Operators
=========

All operators are available both as module-level functions (``npg.relu(x)``)
and as ``Array`` methods (``x.relu()`` where applicable). Every operator listed
here is differentiable — it records itself into the computation graph when any
input has ``requires_grad=True``.

Element-wise
------------

.. list-table::
   :header-rows: 1
   :widths: 40 60

   * - Function
     - Description
   * - ``npg.add(a, b)``
     - Element-wise addition (also ``a + b``)
   * - ``npg.mul(a, b)``
     - Element-wise multiplication (also ``a * b``)
   * - ``npg.pow(a, exponent)``
     - Element-wise power (also ``a ** exponent``)
   * - ``npg.exp(a)``
     - Element-wise :math:`e^x`
   * - ``npg.log(a)``
     - Natural logarithm (undefined for non-positive values)
   * - ``npg.abs(a)``
     - Absolute value
   * - ``npg.relu(a)``
     - ``max(0, x)`` element-wise
   * - ``npg.clip(a, min, max)``
     - Clamp values to ``[min, max]``
   * - ``npg.maximum(a, b)``
     - Element-wise max of two arrays
   * - ``npg.minimum(a, b)``
     - Element-wise min of two arrays

Reductions
----------

All reduction functions accept ``axis=None`` (reduce all axes) and
``keepdims=False``.

.. list-table::
   :header-rows: 1
   :widths: 40 60

   * - Function
     - Description
   * - ``npg.sum(a, axis, keepdims)``
     - Sum of elements
   * - ``npg.mean(a, axis, keepdims)``
     - Mean of elements
   * - ``npg.prod(a, axis, keepdims)``
     - Product of elements
   * - ``npg.max(a, axis, keepdims)``
     - Maximum value
   * - ``npg.min(a, axis, keepdims)``
     - Minimum value
   * - ``npg.argmax(a, axis, keepdims)``
     - Index of maximum value (no gradient)
   * - ``npg.var(a, axis, ddof, keepdims)``
     - Variance. ``ddof=0`` (population) or ``ddof=1`` (sample)
   * - ``npg.std(a, axis, ddof, keepdims)``
     - Standard deviation (``sqrt(var(...))``)
   * - ``npg.cumsum(a, axis)``
     - Cumulative sum along ``axis``
   * - ``npg.cumprod(a, axis)``
     - Cumulative product along ``axis``

Activations
-----------

.. list-table::
   :header-rows: 1
   :widths: 40 60

   * - Function
     - Description
   * - ``npg.softmax(a, axis=-1)``
     - Softmax along ``axis``
   * - ``npg.log_softmax(a, axis=-1)``
     - Log-softmax (numerically stable)
   * - ``npg.sigmoid(a)``
     - :math:`\sigma(x) = 1 / (1 + e^{-x})`
   * - ``npg.tanh(a)``
     - Hyperbolic tangent
   * - ``npg.softplus(a)``
     - :math:`\log(1 + e^x)` (smooth approximation of ReLU)
   * - ``npg.gelu(a)``
     - Gaussian Error Linear Unit (tanh approximation): :math:`0.5 x (1 + \tanh(\sqrt{2/\pi}(x + 0.044715 x^3)))`
   * - ``npg.relu(a)``
     - ``max(0, x)`` (also listed under element-wise)

Linear algebra
--------------

.. list-table::
   :header-rows: 1
   :widths: 40 60

   * - Function
     - Description
   * - ``npg.matmul(a, b)`` / ``npg.mm(a, b)``
     - Matrix multiplication.

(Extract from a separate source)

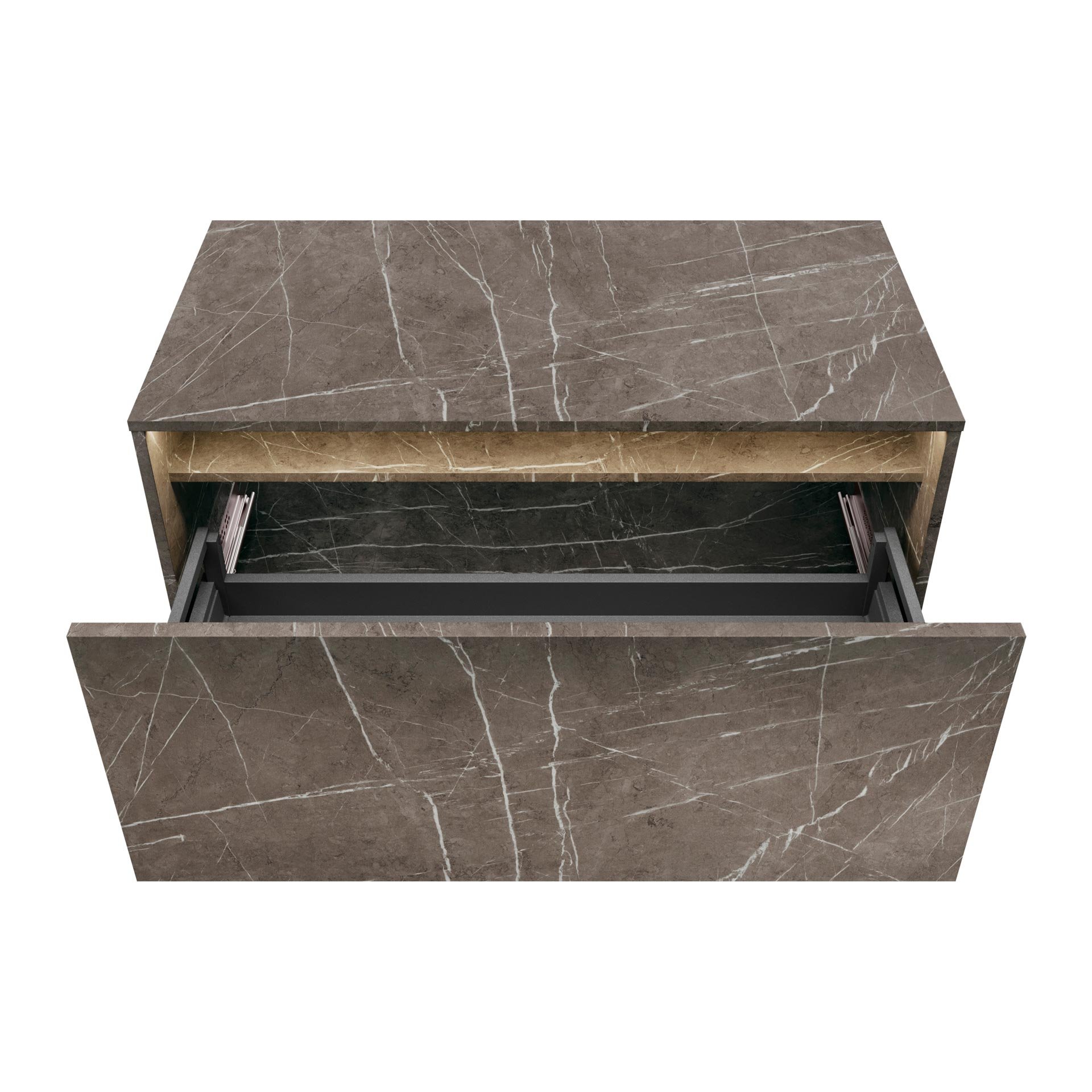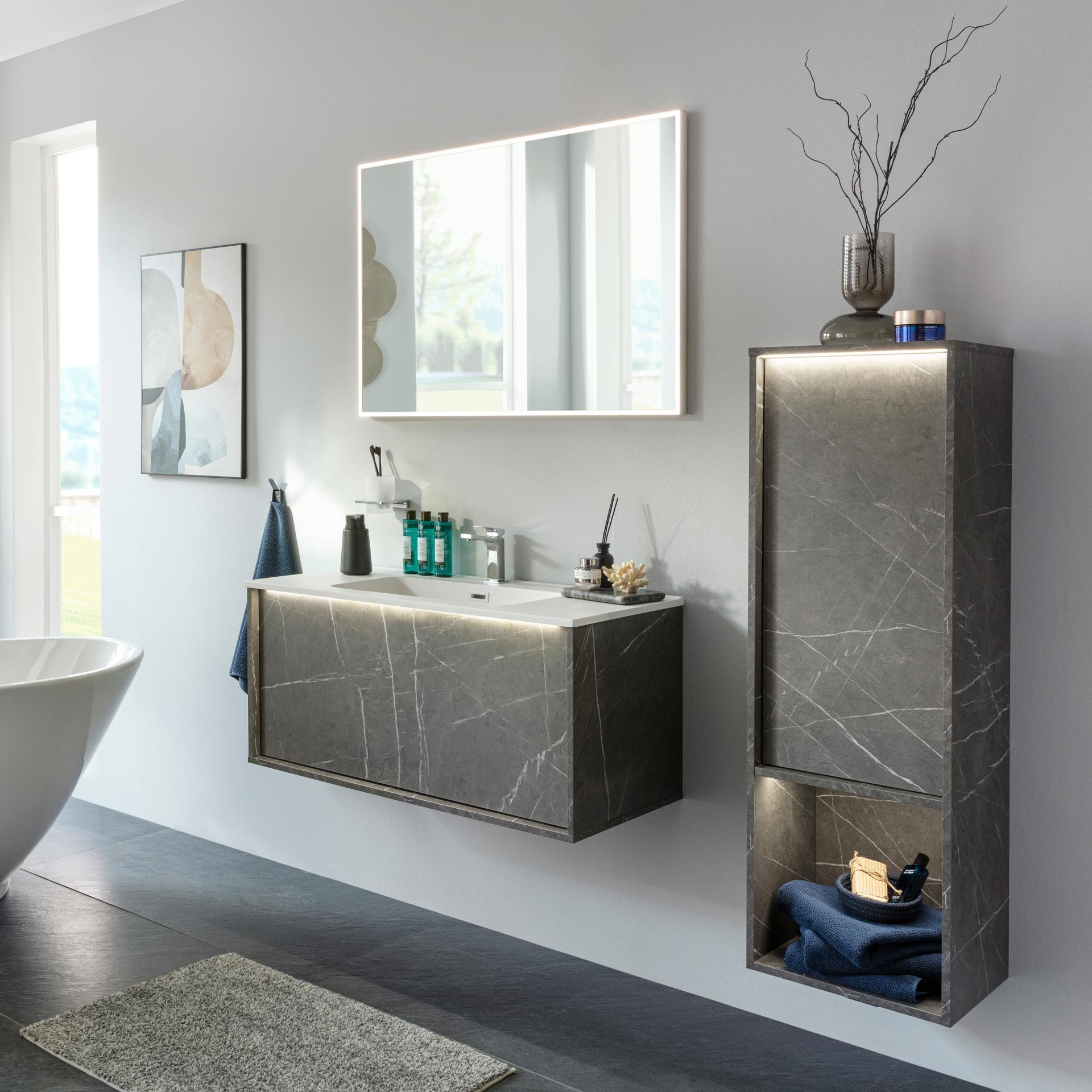 Lanzet DUNE Waschbeckenunterschrank 100,3 cm breit, Marmor Grau, inkl. LED Beleuchtung

Handles 1D (dot product), 2D, and batched 3D inputs.
   * - ``npg.dot(a, b)``
     - Dot product of two 1D or 2D arrays
   * - ``npg.norm(a, axis, keepdims)``
     - Frobenius / L2 norm
   * - ``npg.diagonal(a, offset, axis1, axis2)``
     - Extract diagonal elements
   * - ``npg.trace(a, offset)``
     - Sum of diagonal elements (``diagonal(a, offset).sum()``)

Shape transforms
----------------

.. list-table::
   :header-rows: 1
   :widths: 40 60

   * - Function
     - Description
   * - ``npg.reshape(a, new_shape)``
     - Change shape without changing data. Returns a view when possible.
   * - ``npg.transpose(a, axes)``
     - Permute dimensions. ``axes`` is a tuple; ``None`` reverses all.
   * - ``npg.flatten(a)``
     - Flatten to 1D (equivalent to ``reshape(a, (-1,))``)
   * - ``npg.unsqueeze(a, axis)``
     - Insert a size-1 dimension at ``axis``
   * - ``npg.squeeze(a, axis=None)``
     - Remove size-1 dimensions (all if ``axis=None``)
   * - ``npg.repeat(a, repeats, axis=None)``
     - Repeat elements along an axis
   * - ``npg.triu(a, k=0)``
     - Upper-triangular part of a matrix (zeros below diagonal ``k``)
   * - ``npg.split(a, split_size_or_sections, dim=0)``
     - Split array into chunks. ``split_size_or_sections`` is an int (equal
       chunks; last may be smaller) or a list of sizes. Returns a tuple of
       ``Array`` objects.
   * - ``npg.stack(arrays, axis=0)``
     - Stack a list of arrays along a new axis
   * - ``npg.cat(arrays, axis=0)``
     - Concatenate arrays along an existing axis

Convolution
-----------

``npg.conv2d(input, weight, bias=None, stride=1, padding=0)``

2D convolution with full backward support.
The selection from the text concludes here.